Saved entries
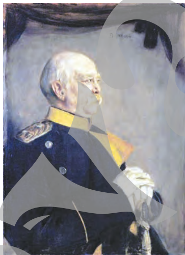
➤ Portret de Franz von Lenbach

Treptat, până în anul 1871, Bismarck a reușit să unifice toa-
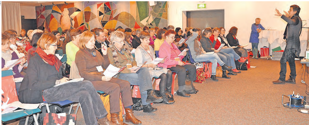
Le chœur des femmes SEV en pleine répétition...
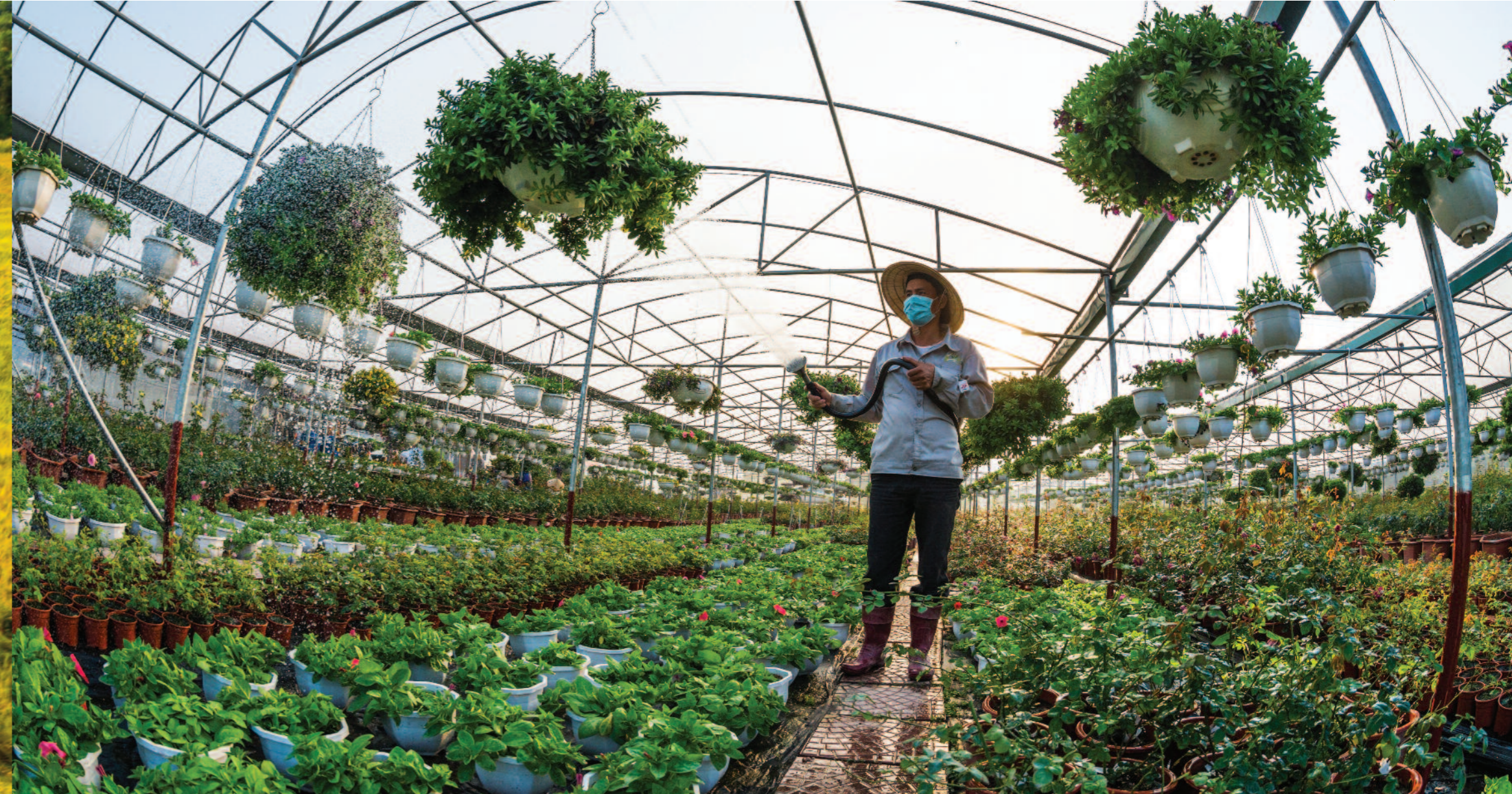
Mô hình trồng hoa công nghệ cao của thanh niên ở thành phố Hạ Long
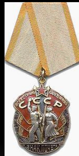
орден "Знак Пошани"
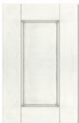
Finitura bianco Alba
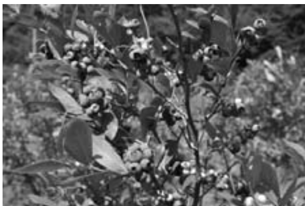
ブルーベリーで農業体験
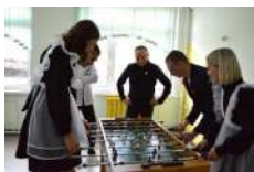
Проект «Зона комфорта» Пировская средняя школа Пировский округ
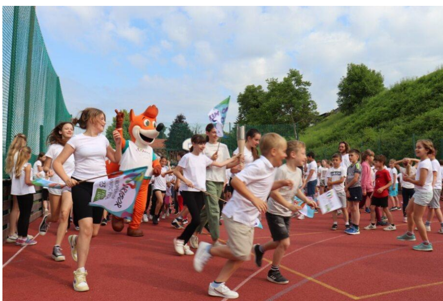
Slika 78: Tek simboličnih krogov z baklo miru, zastavicami OFEM in uradno maskoto Foksijem
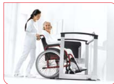
Les fauteuils roulants accèdent facilement à la plateforme grâce à la rampe intégrée.
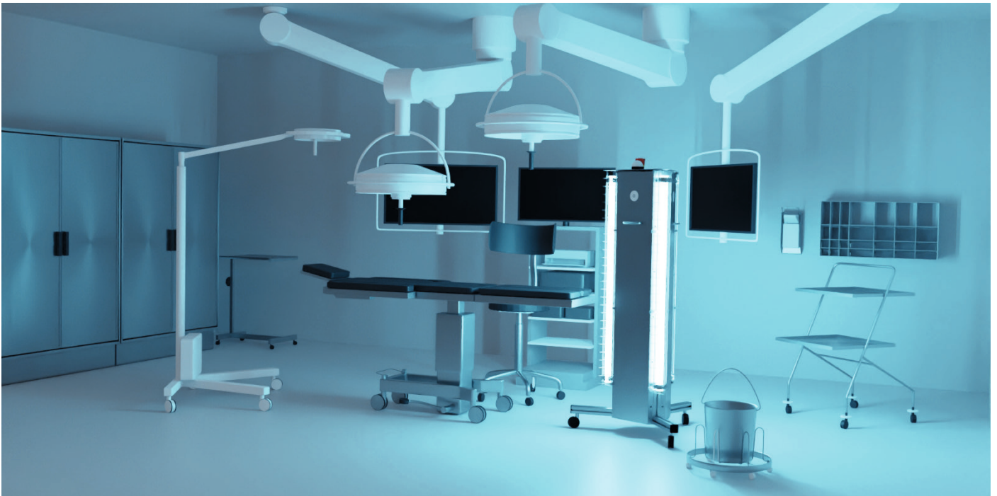
Bild Einsatz des HA-UV Raumdesinfektor 3D im OP-Saal
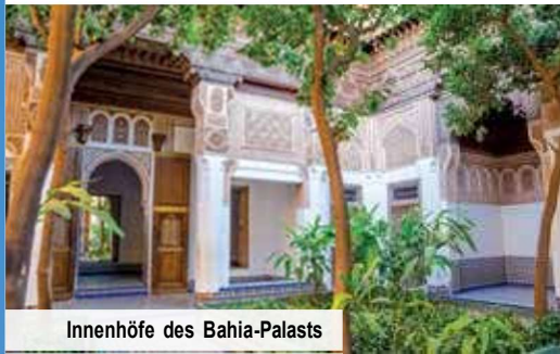
Innenhöfe des Bahia-Palasts
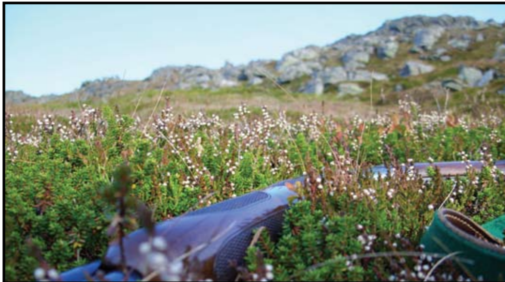
Kultur?: Kultur kan være så mangt.
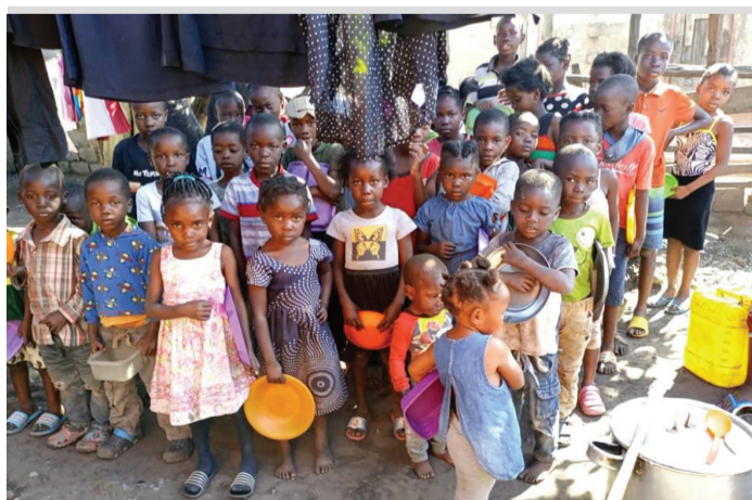
尚比亞曾經被列為全球飢餓程度緊急的國家之一，圖為當地的孩子拿著盤子等待領取玉米糊的情景。
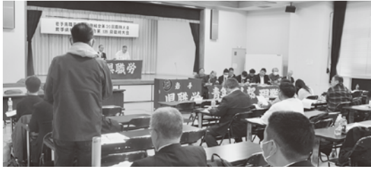
▲代議員からは様々な意見が出された
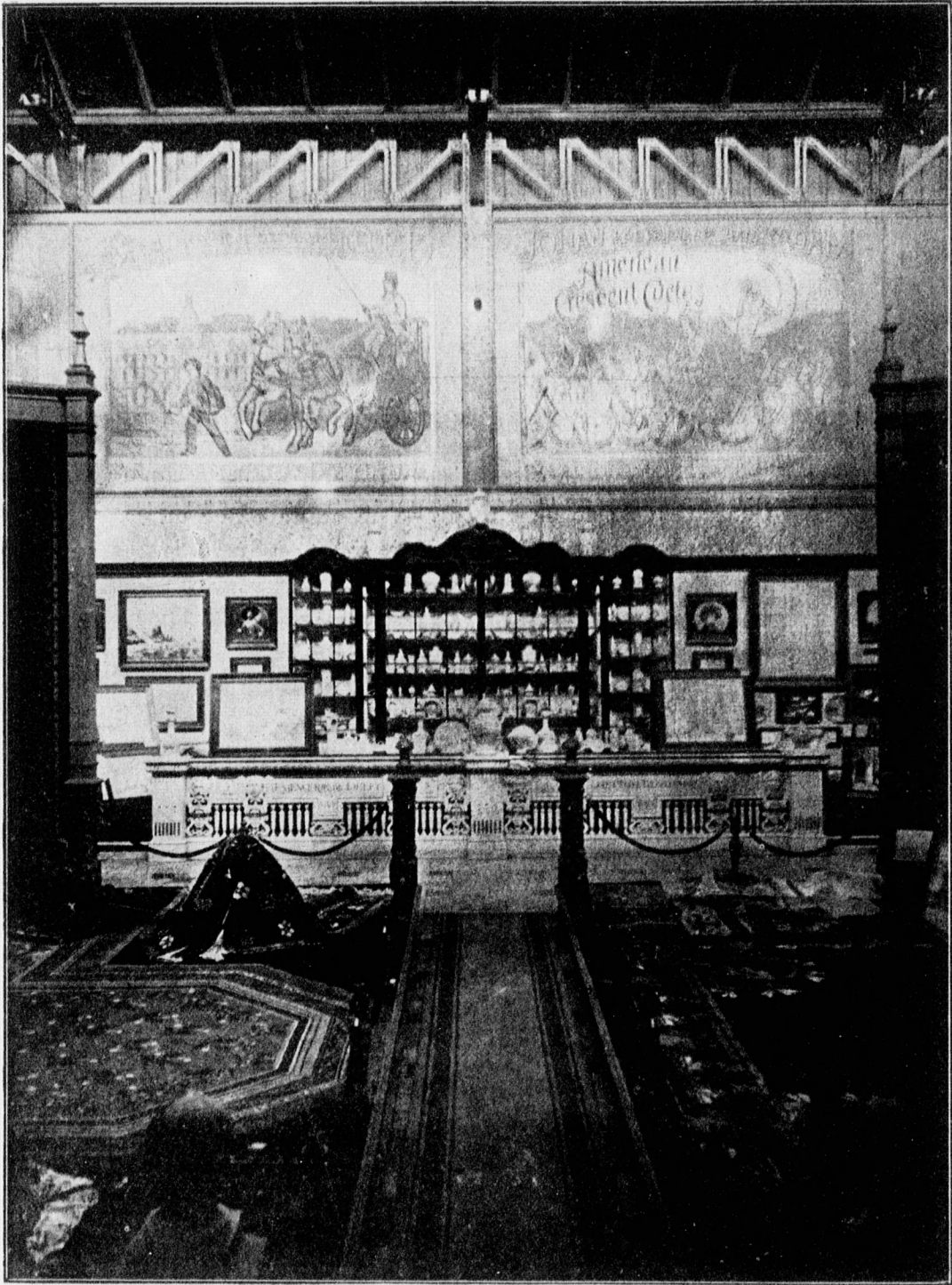
EXPOSITIE VAN JOOST 'T HOOFT & LABOUCHÈRE TE DELFT EN W. STEVENS TE KRALINGEN.
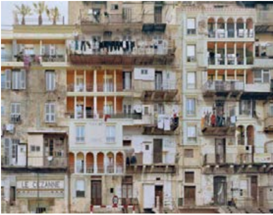
Stéphane Couturier Mission photographique du Centre méditerranéen de la photographie, commande « Sédimentations » Série « Melting Point », Bastia n°1 , 2007 © Stéphane Couturier- Courtesy La Galerie Particulière, Paris/Bruxelles Centre méditerranéen de la photographie, Bastia
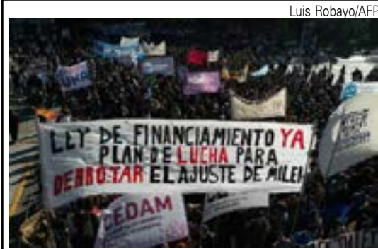
Estudantes protestam contra cortes de Milei
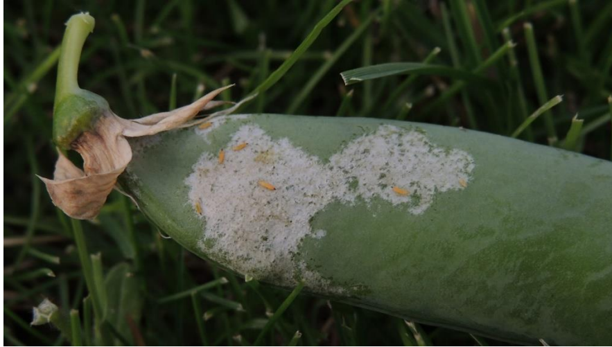
Slika 2.2.1.1. Štete izazvane graškovim tripsom na mahuni

Suzbija se tako da se unište zaraženi ostaci bilja ili pri jakom napadu insekticidima odmah nakon cvatnje. U FIS bazi nema registriranih insekticida koji su dozvoljeni za suzbijanje graškovog tripa u Republici Hrvatskoj u 2023. godini (FIS, 2023).
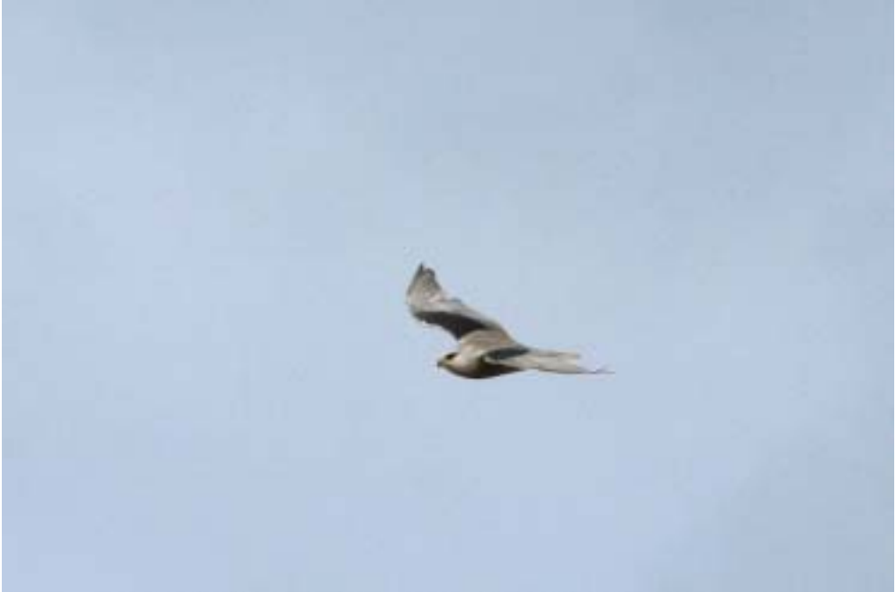
Blå Glente ad., Skagen (NJ), 16/5 2005. Andet danske fund. Black-winged Kite.

stedreservatet, Dværgørn på Stevns, samt i alt seks Stribede Ryler, fem Damklirer og to Tereklirer.

> **TASK OBJECTIVE**
Extract the run of lines beginning with the line that holds "尚比亞曾經被列為全球飢餓程度" and ending at the last line of the data, inclusive. Exclude any pictures from the copy.

> **ANSWER SECTION**
尚比亞曾經被列為全球飢餓程度緊急的國家之一，圖為當地的孩子拿著盤子等待領取玉米糊的情景。
▲代議員からは様々な意見が出された
EXPOSITIE VAN JOOST 'T HOOFT & LABOUCHÈRE TE DELFT EN W. STEVENS TE KRALINGEN.
Stéphane Couturier Mission photographique du Centre méditerranéen de la photographie, commande « Sédimentations » Série « Melting Point », Bastia n°1 , 2007 © Stéphane Couturier- Courtesy La Galerie Particulière, Paris/Bruxelles Centre méditerranéen de la photographie, Bastia
Estudantes protestam contra cortes de Milei
Slika 2.2.1.1. Štete izazvane graškovim tripsom na mahuni

Suzbija se tako da se unište zaraženi ostaci bilja ili pri jakom napadu insekticidima odmah nakon cvatnje. U FIS bazi nema registriranih insekticida koji su dozvoljeni za suzbijanje graškovog tripa u Republici Hrvatskoj u 2023. godini (FIS, 2023).
Blå Glente ad., Skagen (NJ), 16/5 2005. Andet danske fund. Black-winged Kite.

stedreservatet, Dværgørn på Stevns, samt i alt seks Stribede Ryler, fem Damklirer og to Tereklirer.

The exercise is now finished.